§ To do: Transcribe the data in full and exactly, omitting any pictures.

§ Dataset section:
▬▬▬▬▬▬▬▬▬▬

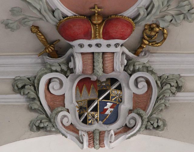 Genau das gleiche Wappen für diesen Fürstbischof sehen wir im Inneren der ehem. Klosterkirche aus bemaltem und vergoldetem Holz gefertigt über dem Hauptaltar. Konnte sein Amtsvorgänger noch die Stuckierung der Kirche erleben, so erfolgte die Ausstattung innen doch unter seinem Nachfolger Johann Philipp Franz von Schönborn. Bei diesem Exemplar ist die Einteilung der Schildfläche im Detail eine andere, die Trennlinien in der mittleren Spalte stimmen nicht mit denen der beiden äußeren Spalten überein, und der Herzschild wirkt hochgesetzt und ragt mit der ihn überspannenden Krone weit in das Feld mit dem Fränkischen Rechen hinein. Im Bild unten links sehen wir die beiden gleichen Fürstbischöfe, die auch am Portal als Beginner und als Vollender vereint sind, mit ihren Wappen genau übereinander stehen.
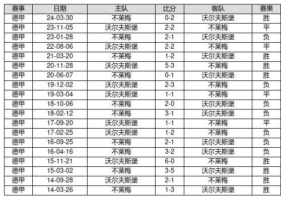 沃尔夫斯堡 VS 不莱梅两队近10年的交战次数为19场,沃尔夫斯堡8胜4平7负,赢球概率为42.1%,平局概率为21.1%,输球概率为36.8%。
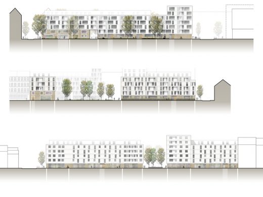 Die öffentlich geförderten und freifinanzierten Wohnungen sind in ihrer Gebäudetypologie gleich und sind gleichmäßig in der Neubebauung verteilt. Eine eingeschossige Tiefgarage bietet ausreichend Platz für Pkw und Fahrräder. Weitere Fahrradstellplätze befinden sich im Erdgeschoss der Studentenhäuser und in den Höfen und Vorbereichen der Gebäude Eine kompakte Gebäudekubatur ermöglicht eine energieeffiziente und wirtschaftliche Bauweise.

▬▬▬▬▬▬▬▬▬▬

§ Finished exercise:
 Genau das gleiche Wappen für diesen Fürstbischof sehen wir im Inneren der ehem. Klosterkirche aus bemaltem und vergoldetem Holz gefertigt über dem Hauptaltar. Konnte sein Amtsvorgänger noch die Stuckierung der Kirche erleben, so erfolgte die Ausstattung innen doch unter seinem Nachfolger Johann Philipp Franz von Schönborn. Bei diesem Exemplar ist die Einteilung der Schildfläche im Detail eine andere, die Trennlinien in der mittleren Spalte stimmen nicht mit denen der beiden äußeren Spalten überein, und der Herzschild wirkt hochgesetzt und ragt mit der ihn überspannenden Krone weit in das Feld mit dem Fränkischen Rechen hinein. Im Bild unten links sehen wir die beiden gleichen Fürstbischöfe, die auch am Portal als Beginner und als Vollender vereint sind, mit ihren Wappen genau übereinander stehen.
 沃尔夫斯堡 VS 不莱梅两队近10年的交战次数为19场,沃尔夫斯堡8胜4平7负,赢球概率为42.1%,平局概率为21.1%,输球概率为36.8%。
 Die öffentlich geförderten und freifinanzierten Wohnungen sind in ihrer Gebäudetypologie gleich und sind gleichmäßig in der Neubebauung verteilt. Eine eingeschossige Tiefgarage bietet ausreichend Platz für Pkw und Fahrräder. Weitere Fahrradstellplätze befinden sich im Erdgeschoss der Studentenhäuser und in den Höfen und Vorbereichen der Gebäude Eine kompakte Gebäudekubatur ermöglicht eine energieeffiziente und wirtschaftliche Bauweise.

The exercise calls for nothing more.